How not to launch an IPO

Pic By AFIF ABD HALIM

Let Lotte Chemical Titan Holding Bhd, the petrochemical producer that went public in Malaysia last month, be a lesson to all companies in how not to launch an initial public offering (IPO).

A wave of bullish reports by banks initiating coverage of the Lotte Group’s plastics unit prompted a 9% surge in the shares on Tuesday (and a further 0.8% gain as of lunchtime yesterday). But all the praise came from the very banks that underwrote the offering — JP Morgan Chase & Co, Malayan Banking Bhd, Credit Suisse Group AG and HSBC Holdings plc — and it still wasn’t enough to reverse the stock’s 34% drop since its July debut.

The shares are down about 20% over the period, compared to a 1% increase in the MSCI Malaysia Index. Analysts have a consensus target price 44% higher than the current price.

As my father always told me, it’s only a mistake if you don’t learn from it. So, here are the lessons:

Get the pricing right: The long-delayed offering (Lotte Co Ltd, South Korea’s fifth-largest family-owned conglomerate, took the unit private six years ago) was mispriced from the outset.

Bankers overestimated demand, thinking a dearth of share sales would drum up demand for Malaysia’s largest IPO since 2012.

That interest never materialised and it had to cut the bottom of its price range to RM6.50 a share, from RM7.60, and slash the shares on offer by a fifth. The stock dropped below the listing price on day one.

Then, Lotte Chemical Titan bought back millions of its own shares, rendering it non-compliant with Bursa Malaysia rules that at least 25% of the stock must be in the hands of public shareholders.

Communication matters: Investors don’t like to be surprised by big stuff just weeks after an IPO. A 72% plunge in Lotte Chemical Titan’s second-quarter (2Q) profit rattled shareholders and sent the stock down 24%.

The biggest culprit for the shortfall was a water supply interruption in April that caused plant shutdowns in Malaysia. The company included the incident in its 499-page offering document but not in a key section at the beginning on material events or risk factors.

Perhaps, more importantly, the company didn’t disclose any financial impact, so investors weren’t expecting the heavy toll on profit.

It’s better to under-promise and over-deliver: The earnings miss came even more as a surprise to investors considering executives have spent the past few months crowing about the “resilient” market for raw materials that go into plastic and synthetic fibres used in everything from cars to appliances.
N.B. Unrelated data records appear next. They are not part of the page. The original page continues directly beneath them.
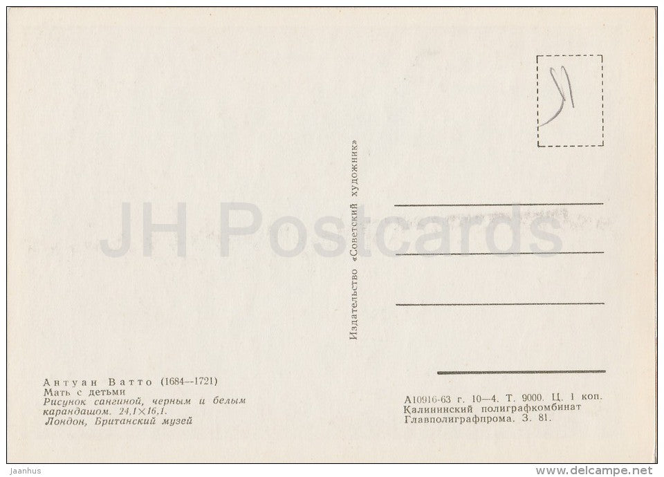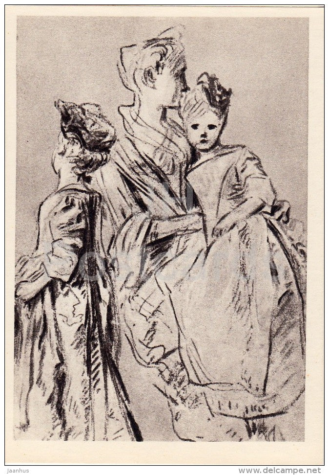 drawing by Jean-Antoine Watteau - Mother with Children - French art - 1963 - Russia USSR - unused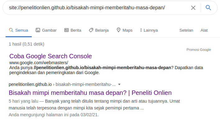 Dari ketiga gambar penelitian tersebut memiliki template berbeda serta kecepatan terindex google nya juga berbeda ini adalah contoh mudah dan jika kalian penasaran maka bisa melakukan uji coba sendiri dengan cara :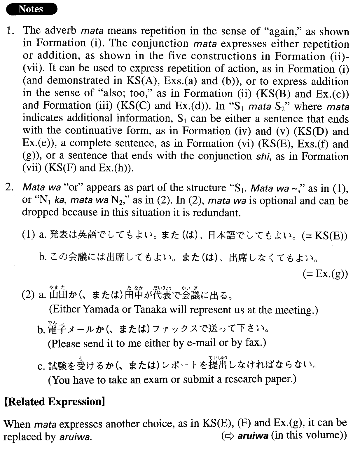 | (iv) ~{Vます/Adjectiveいstemく}、 | また、Sentence。 | [additional information] |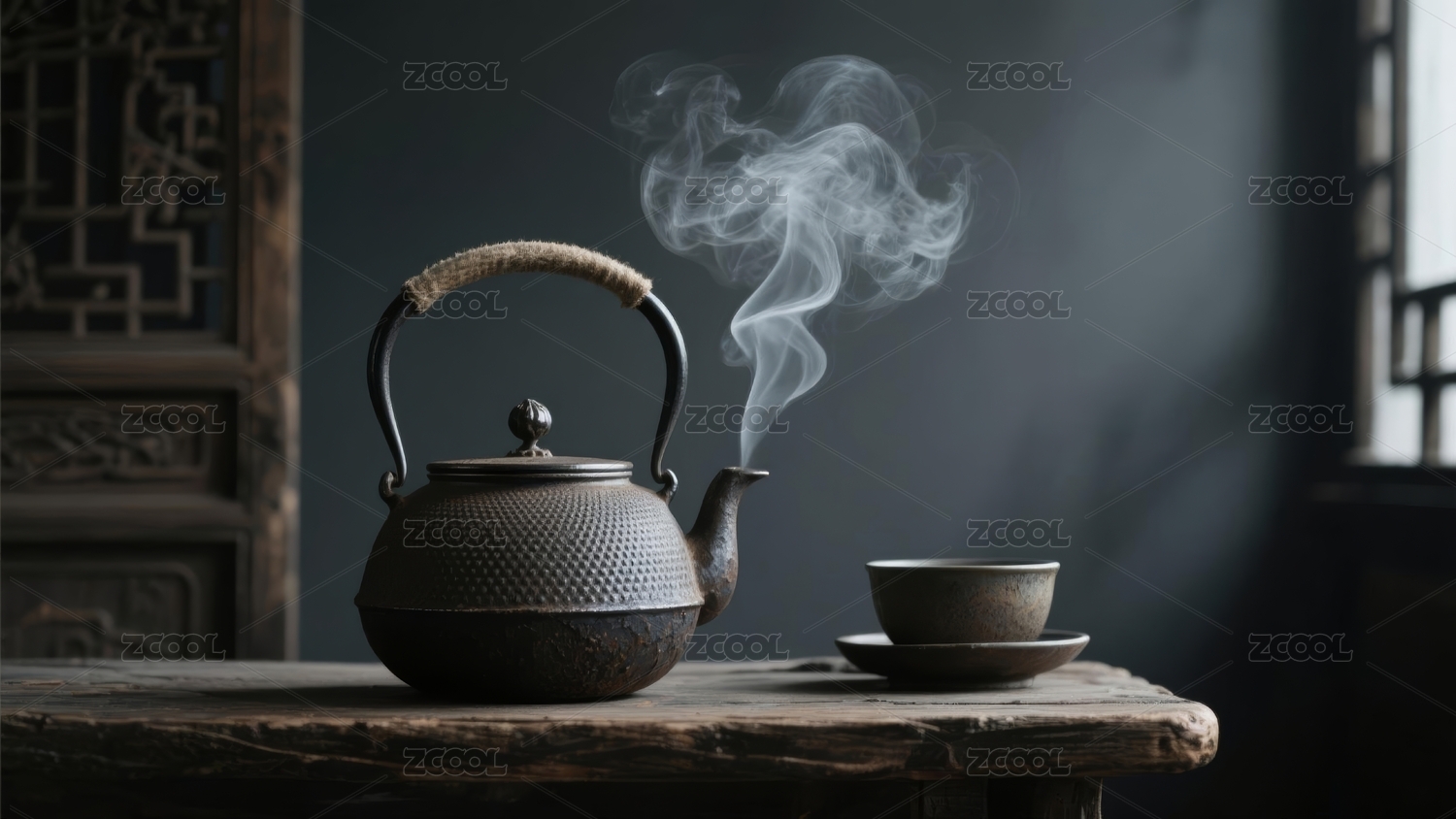陶瓷茶具和袅袅飘散的沉香烟雾

Instead of using the paltry results to set more realistic expectations, the chemical maker came out with another round of rosy forecasts.

One thing analysts got right amid the recent barrage of glowing initiation reports is that the selloff in Lotte Chemical Titan’s shares probably created a short-term buying opportunity. The company is trading at a 40% discount to regional industry and Malaysian equity market peers, HSBC estimates.

Still, after so many missteps, it’s hard to see how investors can trust these upbeat projections from Lotte Chemical Titan executives and the banks that orchestrated its IPO.

There’s no guarantee the production mishaps will right themselves quickly. Meanwhile, Lotte is building new plants as raw material prices decline and overcapacity in China further pressures the industry.

Investors should focus on the numbers and tune out the bullish chatter. — Bloomberg

  • This column does not necessarily reflect the opinion of Bloomberg LP and its owners.